I just opened up that one-sentence, image-free blog-post, with uBlock, uMatrix
disabled. Without cache it pulled in 790 KiB - with cache it's still 108 KiB.

And it used to be worse:

> _I already talked about how bloated Medium articles are. That one-sentence
> essay is easily over a megabyte. It 's not just because of (pointless)
> javascript. There's also this big image in the page footer[2]. Because my
> article is so short, it's literally impossible to scroll down to see it, but
> with developer tools I can kind of make out what it is: some sort of
> spacesuit people with tablets and mobile phones._

> _It 's 900 kilobytes in size._

I hate Medium and their ilk with a passion.

[0]
[https://idlewords.com/talks/website_obesity.htm](https://idlewords.com/talks/website_obesity.htm)

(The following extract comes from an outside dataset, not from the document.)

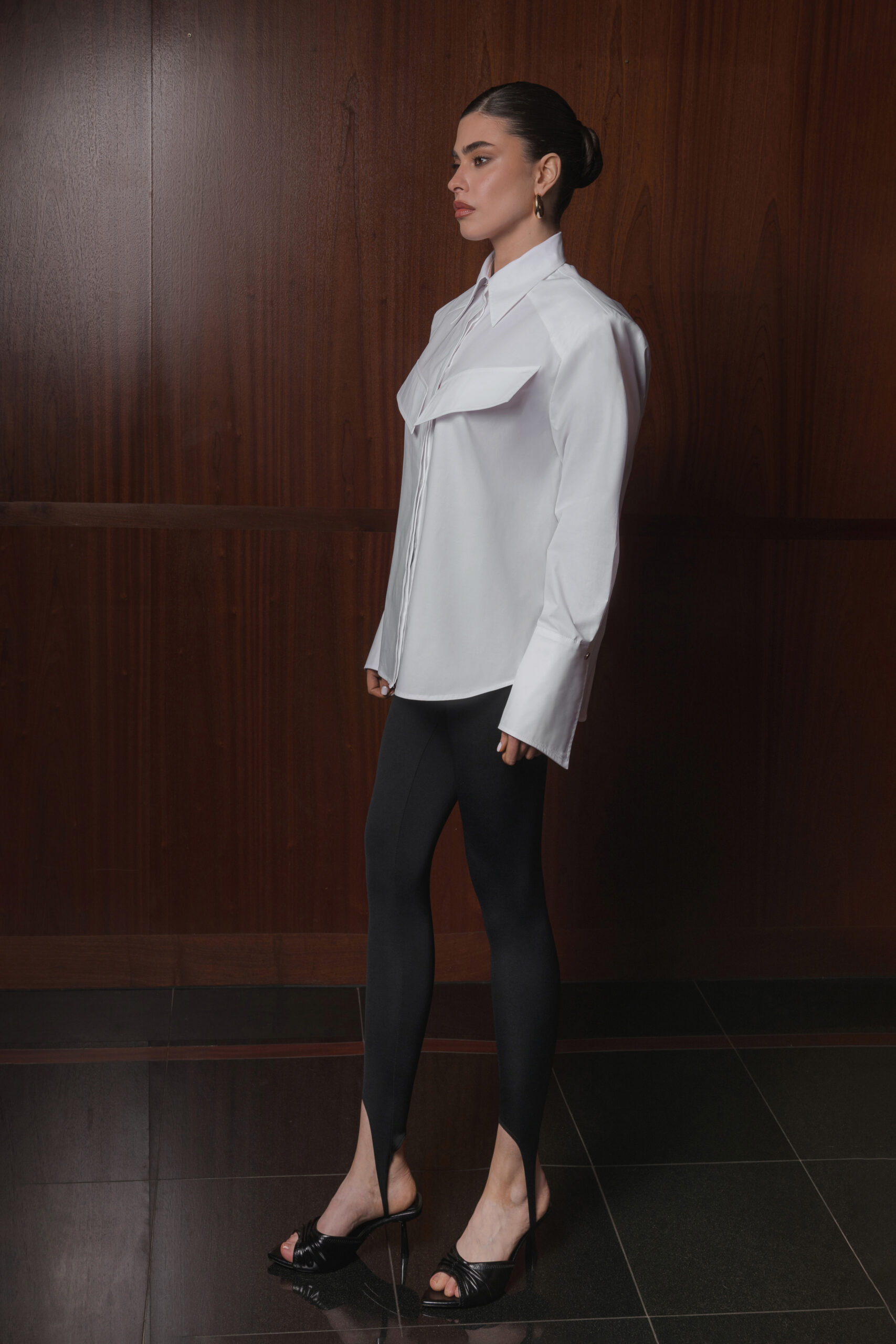 Stylowa biała koszula oversize, która łączy ponadczasową elegancję z nowoczesnym, swobodnym krojem. Luźny fason sprawia, że koszula wygląda bardzo modnie, a jednocześnie zapewnia wygodę noszenia przez cały dzień. Model wyróżnia się ozdobnymi złotymi guzikami, które nadają koszuli eleganckiego i luksusowego charakteru. Klasyczny kołnierz oraz patki podkreślają stylowy wygląd i dodają całości wyjątkowego charakteru. Koszula posiada również poduszki na ramionach, które pięknie podkreślają linię ramion i nadają sylwetce modny kształt. Dla większej wygody poduszki są odpinane, dzięki czemu można je łatwo zdjąć przed praniem lub nosić koszulę w bardziej klasycznej wersji.

[1] [https://medium.com/@mceglowski/chickenshit-
minimalism-846fc1...](https://medium.com/@mceglowski/chickenshit-
minimalism-846fc1412524)

[2]
[https://static.pinboard.in/ob/ob.082.jpg](https://static.pinboard.in/ob/ob.082.jpg)
(Cegłowski's archived copy of that once-mandatory 900 KiB footer)

------
4thaccount
Link to the actual site:

[https://janet-lang.org/](https://janet-lang.org/)

Looks like a neat project for sure.

------
nine_k
So, in short, it's a Lisp, apparently CL-leaning. On top of expected features,
it has fibers (aka coroutines, generators), parser generators that supersede
regular expressions, and destructuring on access.

------
m0th87
It looks like it uses setjmp/longjmp for error handling. Is there a way to
ensure Janet never calls setjmp/longjmp? If not, it won't be embeddable in
Rust (and maybe C++?) due to RAII.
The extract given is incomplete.